Problem>
All lines from the line containing "去年中国传媒大学砍掉了16个" up to and including the last line of the entries must be written out exactly, with no others.

----

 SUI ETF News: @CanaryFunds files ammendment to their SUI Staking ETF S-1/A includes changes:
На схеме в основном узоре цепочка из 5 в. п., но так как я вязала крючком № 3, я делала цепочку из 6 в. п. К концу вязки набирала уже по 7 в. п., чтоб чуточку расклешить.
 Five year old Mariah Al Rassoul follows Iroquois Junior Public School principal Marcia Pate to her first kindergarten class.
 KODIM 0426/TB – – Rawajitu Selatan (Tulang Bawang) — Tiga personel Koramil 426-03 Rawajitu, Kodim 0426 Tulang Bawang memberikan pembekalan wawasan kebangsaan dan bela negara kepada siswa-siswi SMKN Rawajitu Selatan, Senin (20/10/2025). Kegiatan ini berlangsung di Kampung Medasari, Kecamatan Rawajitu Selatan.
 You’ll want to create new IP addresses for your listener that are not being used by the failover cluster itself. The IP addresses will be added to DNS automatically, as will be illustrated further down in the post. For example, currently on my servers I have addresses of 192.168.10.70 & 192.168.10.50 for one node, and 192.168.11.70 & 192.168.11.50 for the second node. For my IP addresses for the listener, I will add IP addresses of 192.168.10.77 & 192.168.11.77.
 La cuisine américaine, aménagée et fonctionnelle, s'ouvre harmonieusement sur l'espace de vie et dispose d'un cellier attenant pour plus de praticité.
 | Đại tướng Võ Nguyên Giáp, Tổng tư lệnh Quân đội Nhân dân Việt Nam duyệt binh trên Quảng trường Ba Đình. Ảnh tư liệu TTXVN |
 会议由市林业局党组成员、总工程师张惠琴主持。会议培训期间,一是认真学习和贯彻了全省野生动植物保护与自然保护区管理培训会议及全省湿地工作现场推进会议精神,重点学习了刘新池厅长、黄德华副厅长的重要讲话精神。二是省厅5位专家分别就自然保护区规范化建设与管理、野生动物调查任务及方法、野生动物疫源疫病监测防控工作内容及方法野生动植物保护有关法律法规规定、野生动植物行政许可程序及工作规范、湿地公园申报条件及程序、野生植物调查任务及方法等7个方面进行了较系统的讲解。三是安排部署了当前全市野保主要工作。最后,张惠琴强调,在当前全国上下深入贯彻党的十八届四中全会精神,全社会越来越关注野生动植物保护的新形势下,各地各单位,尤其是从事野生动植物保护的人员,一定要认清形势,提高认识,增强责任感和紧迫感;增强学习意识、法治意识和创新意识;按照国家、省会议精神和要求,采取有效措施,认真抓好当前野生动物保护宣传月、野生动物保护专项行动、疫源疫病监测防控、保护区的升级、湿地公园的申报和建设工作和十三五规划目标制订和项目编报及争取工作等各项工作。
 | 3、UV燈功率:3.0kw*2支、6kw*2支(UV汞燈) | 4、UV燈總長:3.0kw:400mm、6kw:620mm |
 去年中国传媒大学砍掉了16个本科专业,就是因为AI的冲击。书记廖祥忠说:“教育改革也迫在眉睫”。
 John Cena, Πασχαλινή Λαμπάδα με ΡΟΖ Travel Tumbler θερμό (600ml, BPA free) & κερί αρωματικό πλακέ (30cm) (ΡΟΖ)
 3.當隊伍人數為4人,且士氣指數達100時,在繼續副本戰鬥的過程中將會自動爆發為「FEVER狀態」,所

----

Result>
 去年中国传媒大学砍掉了16个本科专业,就是因为AI的冲击。书记廖祥忠说:“教育改革也迫在眉睫”。
 John Cena, Πασχαλινή Λαμπάδα με ΡΟΖ Travel Tumbler θερμό (600ml, BPA free) & κερί αρωματικό πλακέ (30cm) (ΡΟΖ)
 3.當隊伍人數為4人,且士氣指數達100時,在繼續副本戰鬥的過程中將會自動爆發為「FEVER狀態」,所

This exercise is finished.